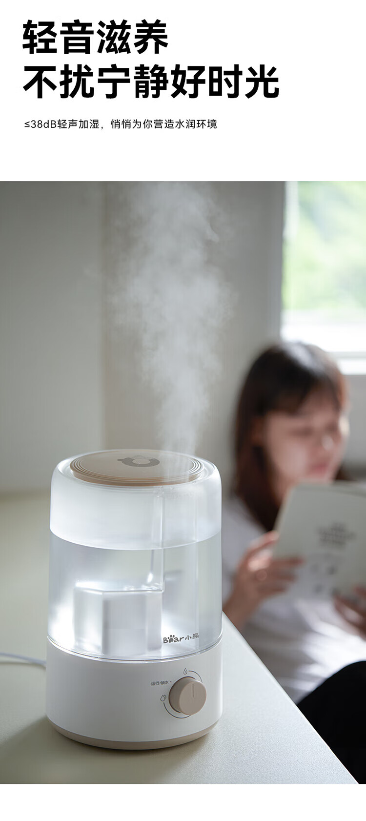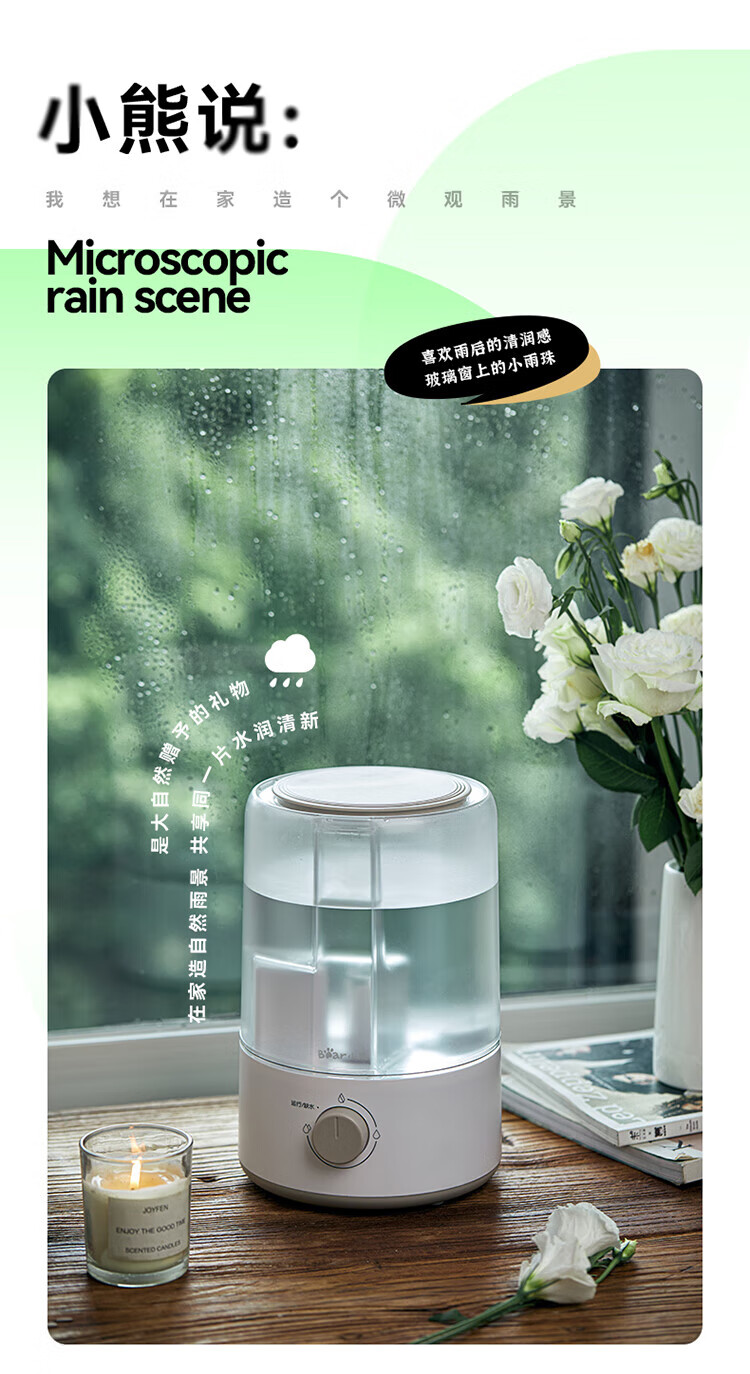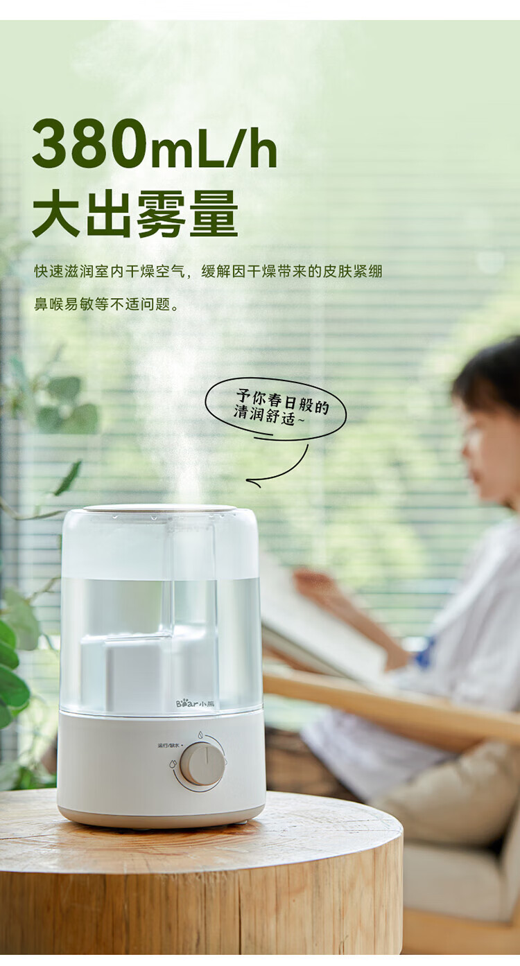小熊加湿器家用空气加湿机卧室3L迷你增湿机桌面办公低噪大雾量JSQ-D30W1
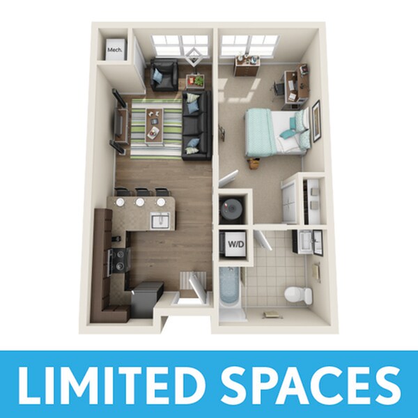 Studio, 1 Bath, 378-381 sq ftAvailability Details
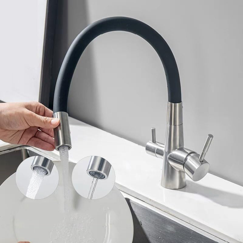 Αυτή η μπαταρία πάγκου κουζίνας διαθέτει τρίοδο σχεδιασμό για τη σύνδεση με φίλτρο νερού και το δίκτυο παροχής ζεστού και κρύου νερού. Έτσι, μπορείτε να απολαμβάνετε καθαρό, φιλτραρισμένο νερό και να επιλέξετε παράλληλα ανάμεσα σε ζεστό και κρύο νερό με τους διακόπτες.
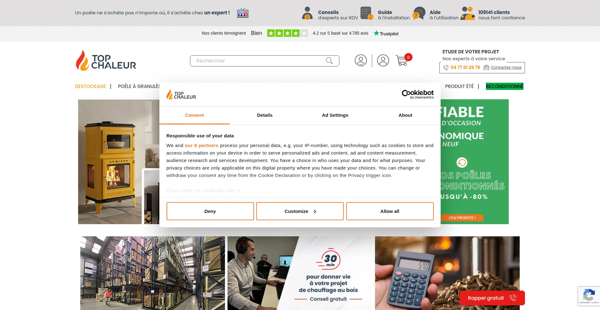 Le site web a un bon score Trustpilot (4.2) basé sur 4785 avis, indiquant un niveau élevé de confiance de la part des clients.
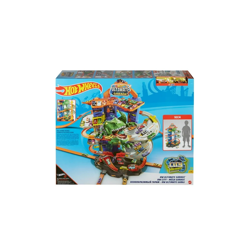 Esta pista Hot Wheels ofrece una emocionante aventura en la ciudad con una torre vertical de 90 cm de altura que permite almacenar fácilmente mas de 100 vehículos, incluye al hambriento Robo T Rex que intenta devorar los autos y reta a los niños a escapar en emocionantes juegos de acción, brinda infinitas oportunidades para crear historias llenas de velocidad diversión y aventura mientras mantiene los vehículos organizados y listos para jugar.
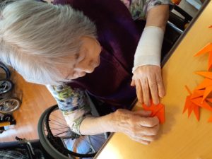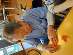 ということで、本日の折り紙教室は?もみじ?の葉っぱを作りました。
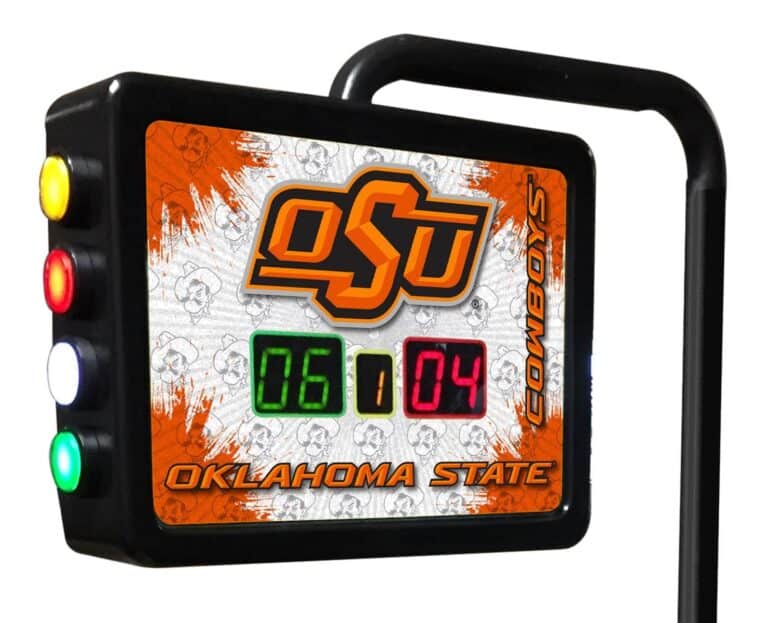 Cave Man Review: “Thorak see light! Light have horsey thing with orange and black stripes! Make big rock game room look good!” Show off your team pride with the Oklahoma State University Long Box Billiard Light. This suspended light fixture…
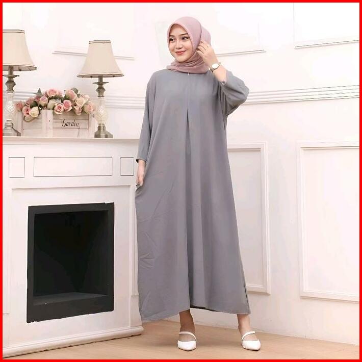 Daster Crinkle Airflow Polos Wanita Model Tangan 3 4 Gamis Busui Nyaman Panjang Dress
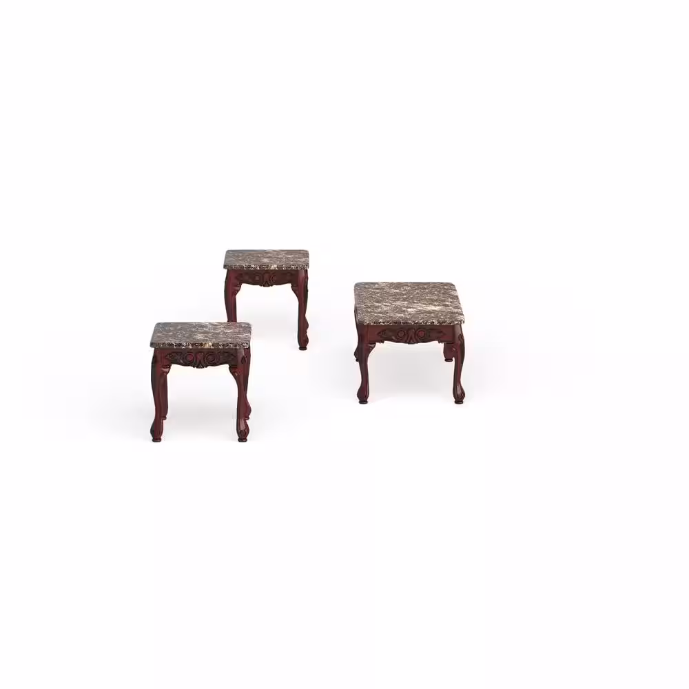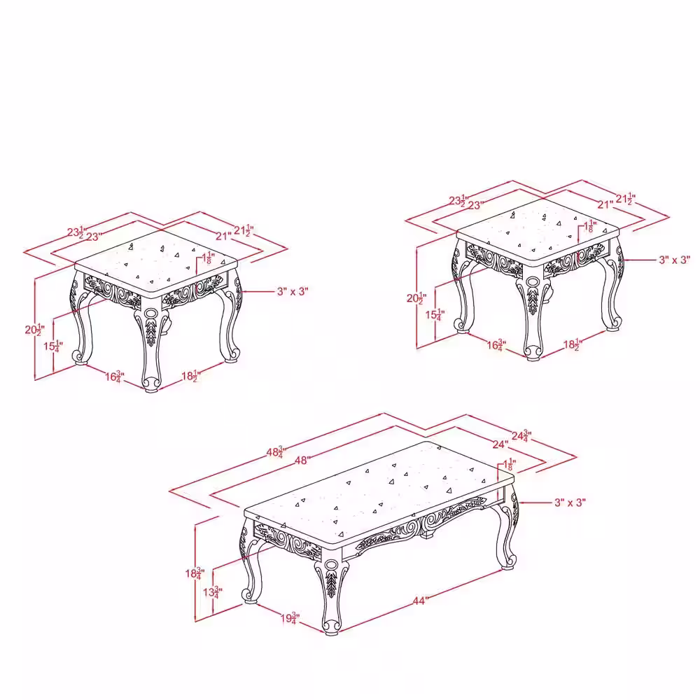 Furniture of America Semoleah 3-Piece 48 in. Dark Oak and Ivory Rectangle Faux Marble Coffee Table Set

# # # # # # #

> _Goal of the exercise_:
Skip the pictures and print exactly the lines from the one containing "Daster Crinkle Airflow" through the end of the records above.

> _Written solution_:
 Daster Crinkle Airflow Polos Wanita Model Tangan 3 4 Gamis Busui Nyaman Panjang Dress
 Furniture of America Semoleah 3-Piece 48 in. Dark Oak and Ivory Rectangle Faux Marble Coffee Table Set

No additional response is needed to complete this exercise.